Clarify training environment framing and align docs messaging (#438)

cwing-nvidia · jkyi-nvidia · cmunley1 · web-flow · commit c34cfe179f46 · 2025-12-04T21:10:01.000-08:00
## Summary Revises About page and aligns messaging across docs homepage, README, and Core Components. Addresses #384 - Clarifies "Agents" are server components, not AI agents being trained. ## Changes - **About page**: Added Motivation + NeMo Gym sections; reframed components as "server components that make up a training environment" - **Docs homepage + README**: Aligned intro messaging - **Core Components**: Renamed from `core-abstractions.md`; updated Agents/Resources definitions based on code; added Tasks to examples; added Azure OpenAI model ## Key Alignment All pages now consistently frame: training environment = Agents + Models + Resources (server components) --------- Signed-off-by: Chris Wing <cwing@nvidia.com> Signed-off-by: Junkeun Yi <jkyi@nvidia.com> Signed-off-by: Christian Munley <cmunley@nvidia.com> Co-authored-by: jkyi-nvidia <jkyi@nvidia.com> Co-authored-by: cmunley1 <cmunley@nvidia.com>
diff --git a/README.md b/README.md
@@ -1,6 +1,6 @@
 # NeMo Gym
 
-NeMo Gym is a framework for building reinforcement learning environments to train large language models. 

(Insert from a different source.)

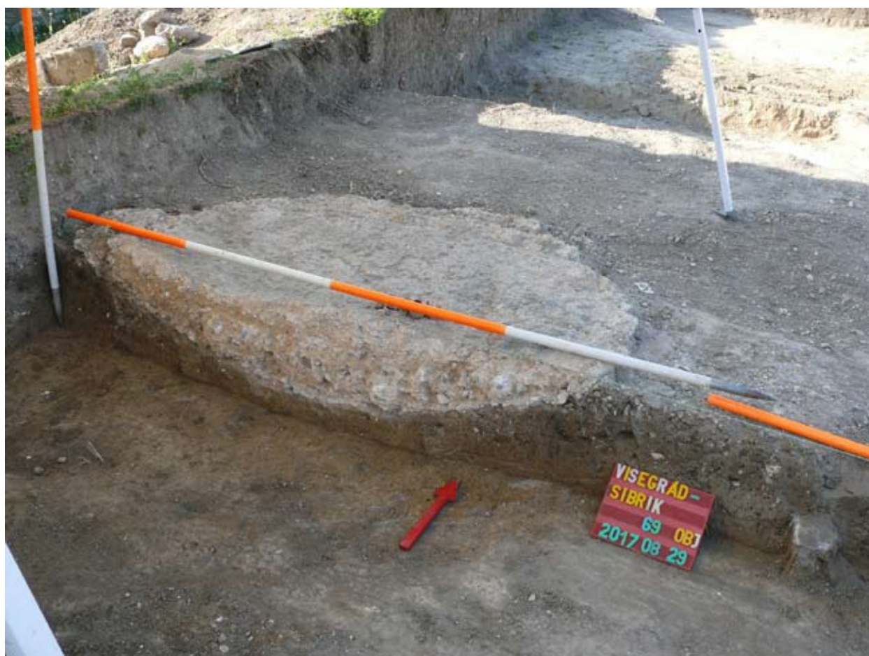
5. kép: Habarcskeverő hely átvágása.

A házak közötti kisebb-nagyobb középkori gödrök korszakolását részint a leletanyag, részint szuperpozíciós helyzetük határozta meg. A kisebb tárológödrök vagy vermek kb. 1 m mé-

+NeMo Gym is a framework for building reinforcement learning (RL) training environments for large language models (LLMs). It provides infrastructure to develop environments, scale rollout collection, and integrate seamlessly with your preferred training framework. 
 
 NeMo Gym is a component of the [NVIDIA NeMo Framework](https://docs.nvidia.com/nemo-framework/), NVIDIA’s GPU-accelerated platform for building and training generative AI models.
 
diff --git a/docs/about/concepts/core-components.md b/docs/about/concepts/core-components.md
@@ -1,8 +1,8 @@
-(core-abstractions)=
+(core-components)=
 
-# Core Abstractions
+# Core Components
 
-Before diving into code, let's understand the three core abstractions in NeMo Gym.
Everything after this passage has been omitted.